Arbitration award for Brockville firefighters

(Newswatch Group/Bill Kingston, File)

BROCKVILLE – An interest arbitration board has given Brockville firefighters retroactive pay hikes totalling 14.24 per cent over six years, the City of Brockville announced Wednesday.

The city says it received notice of the award on May 30, which includes “enhancements to benefits, as well as operational and language changes.”

The decision covers a period from Jan. 1, 2013 to Dec. 31, 2018 – meaning firefighters will be getting a retroactive raise of roughly 2.37 per cent per year, on average.

In June 2018, the board of interest arbitration gave an interim award, bumping a first-class firefighter’s salary to $96,000 (other positions were pro-rated), and lump sum payments of $7,500 or $15,000 depending on a firefighter’s hiring date.

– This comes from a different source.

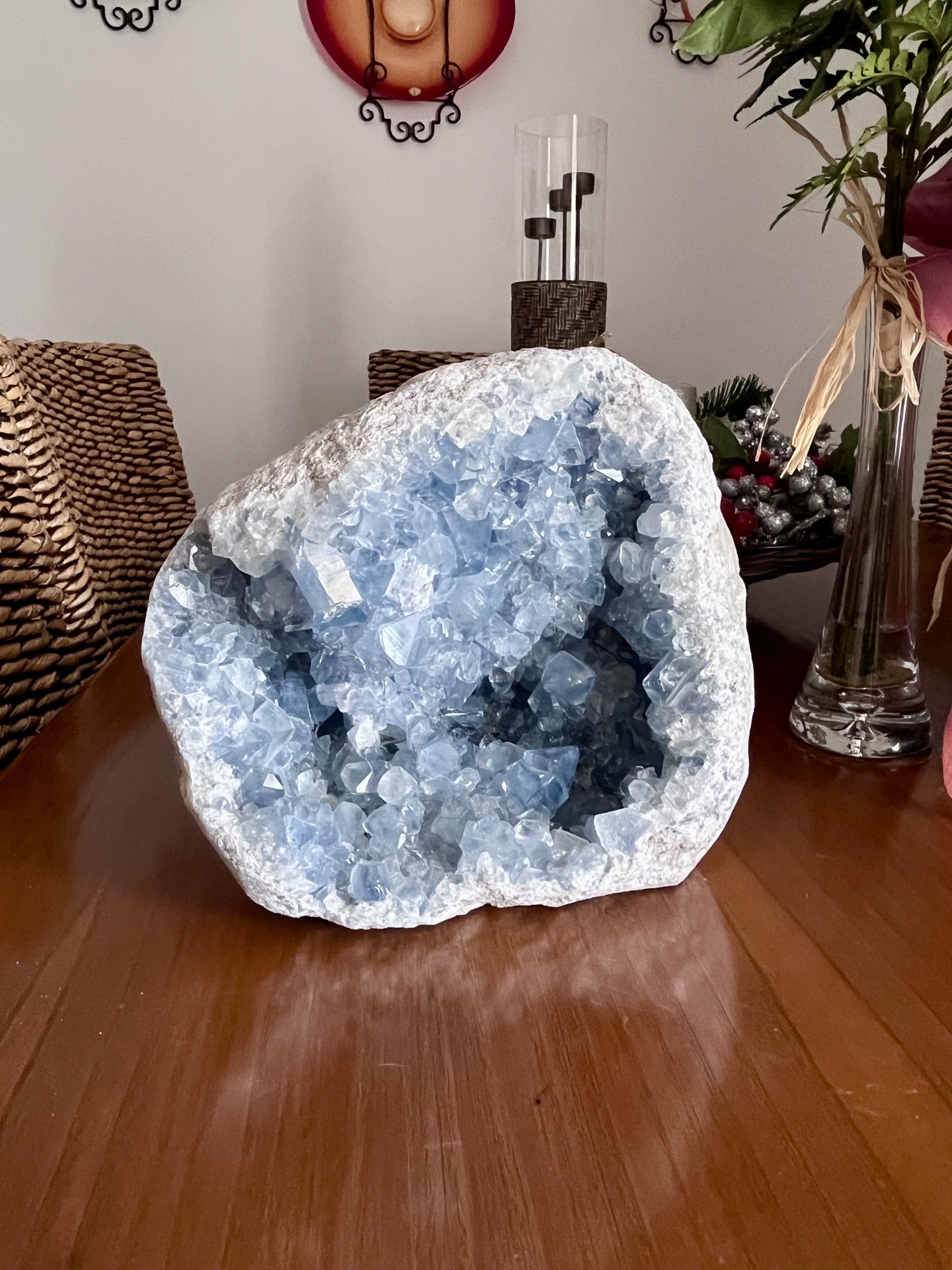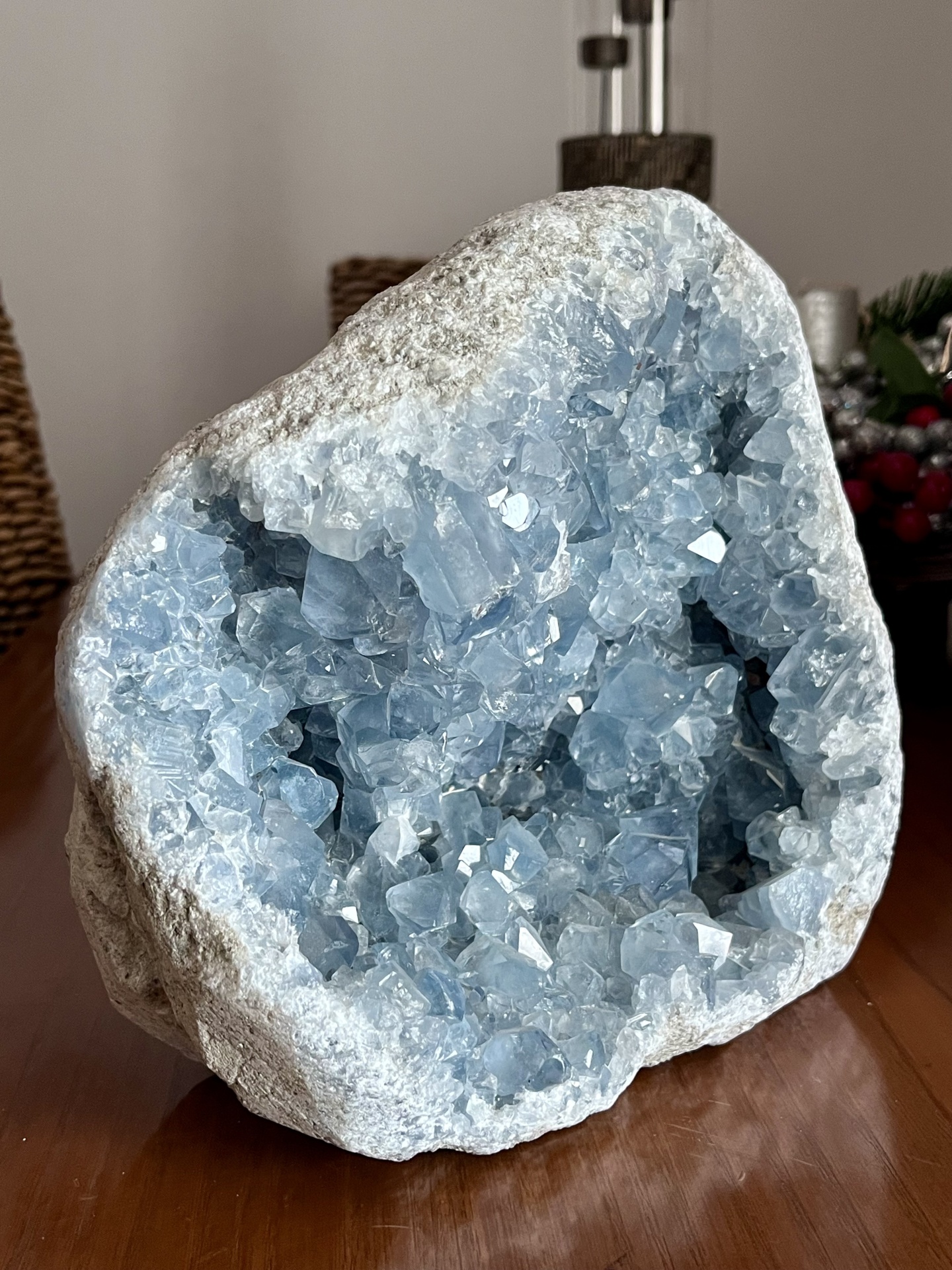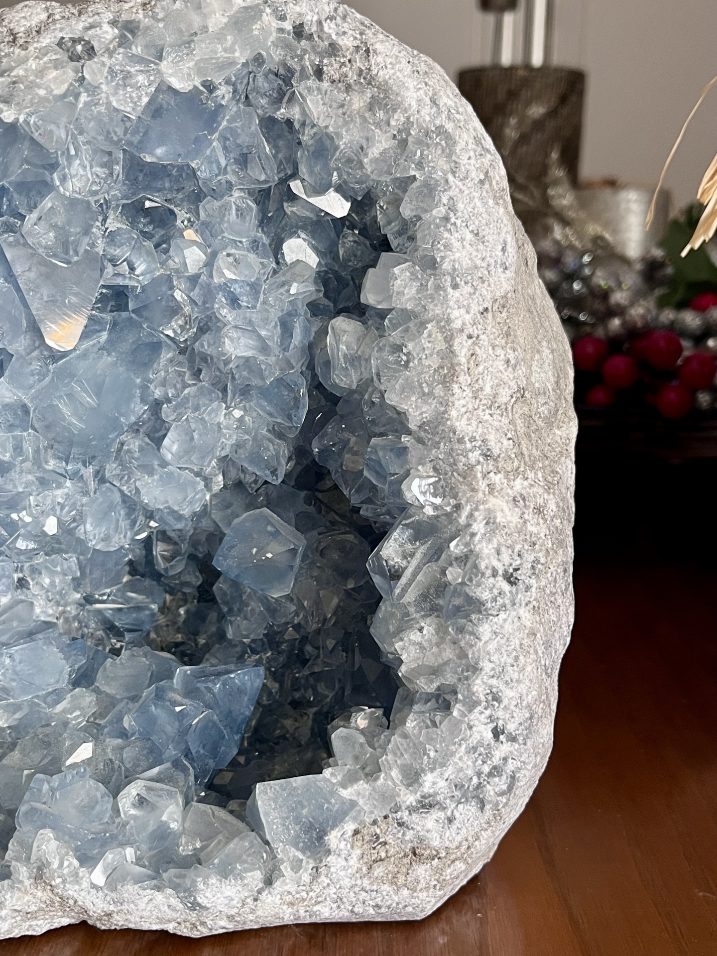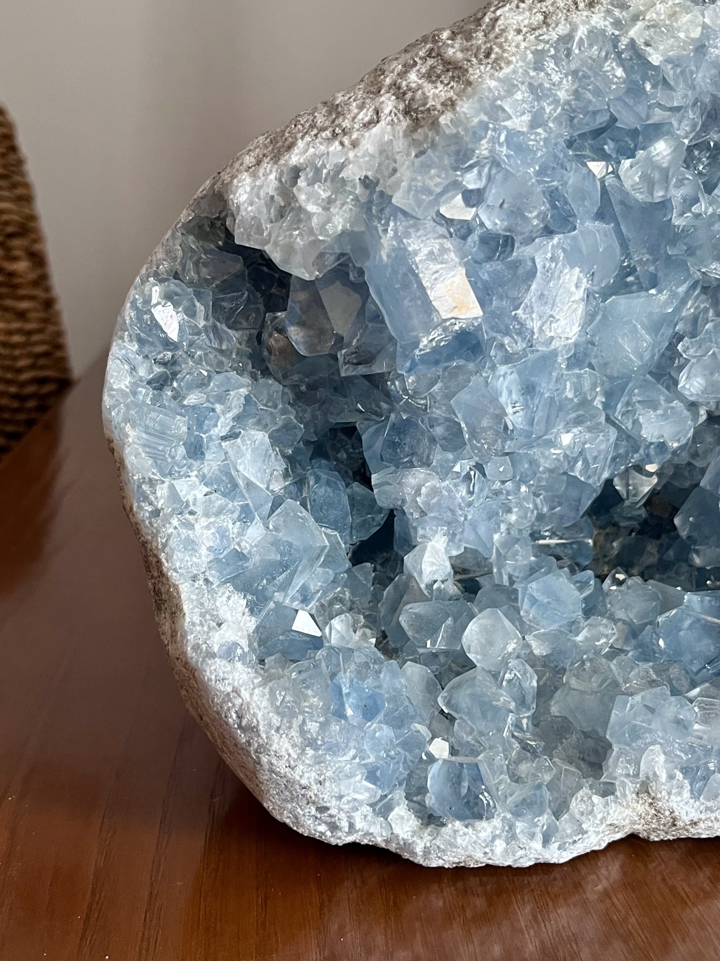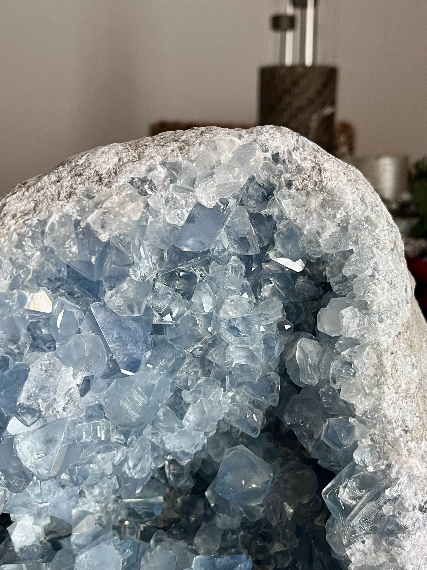 Conhecida como a pedra dos anjos, a Celestina é símbolo de paz, clareza e elevação espiritual. Esta drusa é ideal para decoração sofisticada, espaços de meditação ou colecionadores que procuram uma peça de energia pura e presença imponente.

It was requested by the Brockville Professional Firefighters’ Association, given that their members hadn’t had a raise since 2012.

“It is understood that these lump sum payments will be deduced from the retroactivity that is later found to be owing,” board chairman Kevin Burkett wrote in his June 2018 decision.

Brockville Mayor Jason Baker praised the work of firefighters while he hoped this ruling would allow the corporation and the association to “be able to negotiate a contract that is both mutually beneficial and also recognizes the requirement to position the service to meet future service delivery needs while respecting the importance of cost containment.”

As for whether taxpayers will be on the hook for a large amount of money for this award, the city says it had budgeted for it. “In anticipation of an award that spanned several years, the City of Brockville has prepared for this by allocating salary increases in the budget each year.”

A global amount needed to cover the award is not available as the city’s finance department “still has to work through” a number of calculations, city manager Janette Loveys told Brockville Newswatch in an email.

The salary for a first-class firefighter was $84,267 in July 2012 and would be $97,472 in December 2018 – a difference of $13,205 or 14.24 per cent.

Loveys added that the two sides “have not yet initiated discussions for a new Collective Agreement.”

The Brockville Fire Department responded to 914 incidents last year – 78 were fires.